Fyfe (Doc. 1) is being interviewed by a reporter in response to a spate of police shootings nearly two decades ago – long before the Diallo incident. But here he defends the NYPD over allegations of being “trigger happy” (based on race?), saying the force is

“restrained” in its use of force. That Fyfe is a professor of criminology at a university in another big city suggests that he is both an expert and objective in his assessment. He has no ax to grind. The firearms discharge report (Doc. 2), meanwhile, contains data that put the Diallo case into context, revealing that police shootings were trending downward when Diallo was killed. Further, the number of incidents in which officers shot at “perps” who did not return fire – a category into which Diallo would have fit – fell in 1999 by nearly 50% from the previous year. There was fewer than one incident per week on average that year and in subsequent years – in a city of 8 million people. These statistics suggest professional restraint on the behalf of NYPD officers. One could argue, however, that since the Diallo case happened in February of 1999, the statistics began trending down thereafter – something that could be used to support the idea the force was more

“trigger happy” before the incident.At any rate, the department continues to receive criticism.
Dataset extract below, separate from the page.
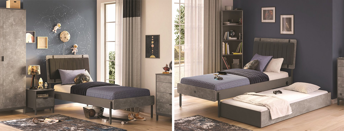 Pro kluky i holky! V posteli SPACE GREY se budou zdát ty nejkrásnější sny. Teenageři zajisté ocení USB vstup, který lze umístit na pravou či levou stranu dle libosti. Rám je vyroben z MDF desky v šedé barvě a dekoru betonu, čelo postele je čalouněné eko kůží. Cena postele je bez matrace, vhodný rozměr je 120 x 200 cm. Deskový rošt na zpevněném kovovém rámu je součástí. Nosnost postele je 130 kg a lze ji doplnit výsuvným lůžkem. Nadčasový design se zavděčí milovníkům jednoduchosti, při správné volbě doplňků však zvládne i extravagantnější vzhled.

The website of the New York Civil Liberties Union (Doc. 10) in May 2008 questioned the department’s shooting practices, pointing out that nearly 9 out of 10 people shot at by officers were black or Latino. The data comes from a new analysis of the NYPD’s own statistics from 1996-97, the last years in which the department reported

the race of civilian targets. The department no doubt stopped keeping track of the race of civilian targets because of ongoing criticism that shootings were racially motivated – and the recordkeeping change does not put the NYPD in a positive light in regards to its community outreach efforts. Still, the numbers in and of themselves do not explain the motivations of the officers involved. The numbers could, as Fyfe noted nearly two decades ago, merely reflect “what’s happening in the city” (i.e., police officers encountering more criminal conduct by blacks and Latinos).
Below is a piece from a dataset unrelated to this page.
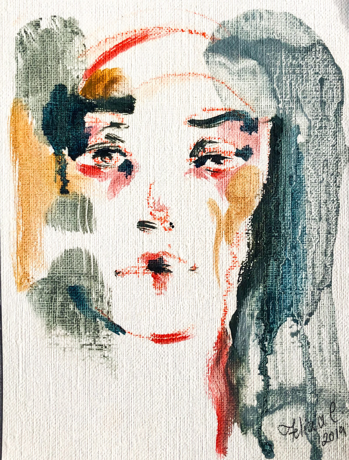 Oils and conte crayon on canvas paper, 4.5'' x 6''

Missing from the documentary evidence are facts that could shed more direct light on the Diallo shooting itself. The existence of a videotape (taken from a security camera on the scene or from a nearby business) showing the sequence of events could either bolster or refute Gladwell’s account of the shooting. Nothing could replace seeing it firsthand. Such documentary evidence is unlikely, and so the next best thing might be copies of the trial transcript, showing the evidence used by both sides. Presumably the defense team used police reports to exonerate the officers while prosecutors used that same evidence or other facts gathered by their investigators to charge the officers with the crime of second-degree murder. That criminal charges were brought in the first place suggests there’s enough evidence to at least question the central thesis of this essay – that the shooting was a tragic accident. But the prosecution may have been influenced by the highly charged political atmosphere generated by the Diallo case. The extensive trial transcript would provide the most extensive documentary evidence to analyze. Also potentially helpful would be the research and/or interview notes Gladwell used to write his account of the incident. Did he rely only on the police officers’ testimony? Did he interview bystanders who may have witnessed it? Answers to such questions would help one to better evaluate his thoroughness and objectivity.